I felt everything so deeply in those years (still do), and I took the perceived societal standards of the time personally (working on not doing this). It’s not novel to acknowledge the universal experience for teenagers to have heightened emotions, struggle with their self-esteem, and figure out their place in the world while navigating the space between childhood and adulthood. But there is a distinct subset of sheltered and sensitive “preppy emo” millennials that found comfort somewhere at the unintuitive intersection of racks of J.Crew button downs and nasally pop punk anthems by Fall Out Boy, Death Cab for Cutie, Jack’s Mannequin, Motion City Soundtrack, The Spill Canvas, Brand New, Dashboard Confessional, and the like.
These bands poured an endless source of drama through my wired headphones and powder blue Sony boombox. See: The Spill Canvas: “And I’ll let you get the best of me / Because there’s nothing else that I do well / I’ll be the giver and you’ll be the taker / I guess that’s how this one’s gotta go … / You’ve got me down on my knees and I proclaim / All hail the heartbreaker.” See also: Motion City Soundtrack: “From the falsest smile / To the fear of death is why / The pain reminds us that we’re still alive.” And Fall Out Boy: “My heart is on my sleeve / Wear it like a bruise or black eye / My badge, my witness.”
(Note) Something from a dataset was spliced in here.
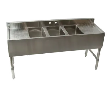 Revamp service with versatile option! Upgrade your commercial restaurant with the Klingers Trading BAR32D Underbar Sink Units. Crafted with 18/304 stainless steel construction, this three-compartment sink is built to withstand the demands of a busy kitchen. Measuring 59-1/2"W x 18-3/4"D x 33"H, it provides ample space for washing, rinsing, and sanitizing dishes. The 10"W x 14" front-to-back x 10" deep compartments are perfect for accommodating large pots, pans, and utensils. Equipped with 12-3/4" drainboards on the left and right, you'll have convenient space for drying and organizing dishes. The 3"H backsplash and stainless steel apron on the front and sides ensure a clean and professional look. With stainless steel legs and side crossbracing, this sink unit offers stability and durability. It also includes two drain baskets and a 10" faucet for added convenience. Upgrade your restaurant's efficiency and cleanliness with the Klingers Trading BAR32D Underbar Sink Units.

These shameless emotional outbursts, which can read like a teenager’s diary in print, were validating because they communicated something like: you are not the only one who thinks this life is hard (even though, objectively, your life is not hard). This genre validated that even in the absence of what the general population would view as a traumatic experience, no matter how “good” your life is, it is an emotional experience to be a human being on this earth; to grow and change and trust and be disappointed and feel less than and lose control and have your heart broken and think things are going to be one way but they turn out to be different. To shed who you used to be. To constantly feel like you must move on from one thing or another.
I was taught that one should never “peak” in life. And if one is going to peak, it shouldn’t be in middle or high school. But I do like the idea of taking curated pieces (whether emotional or tangible) from past life phases into the current phase. In Slouching Towards Bethlehem, Joan Didion advised us to “keep on nodding terms with the people we used to be.” Certain parts of my past selves won’t make the cut for me: along with the donated handbags, I’ve ditched my participation in an endless, miserable, and impossible game of trying to be pretty enough, skinny enough. But I think I’ll keep my pop punk playlists for an energy boost akin to drinking a double shot of espresso to push through an afternoon slump and a reminder that it’s alright to “feel big” while moving through this life. Because that’s just timeless.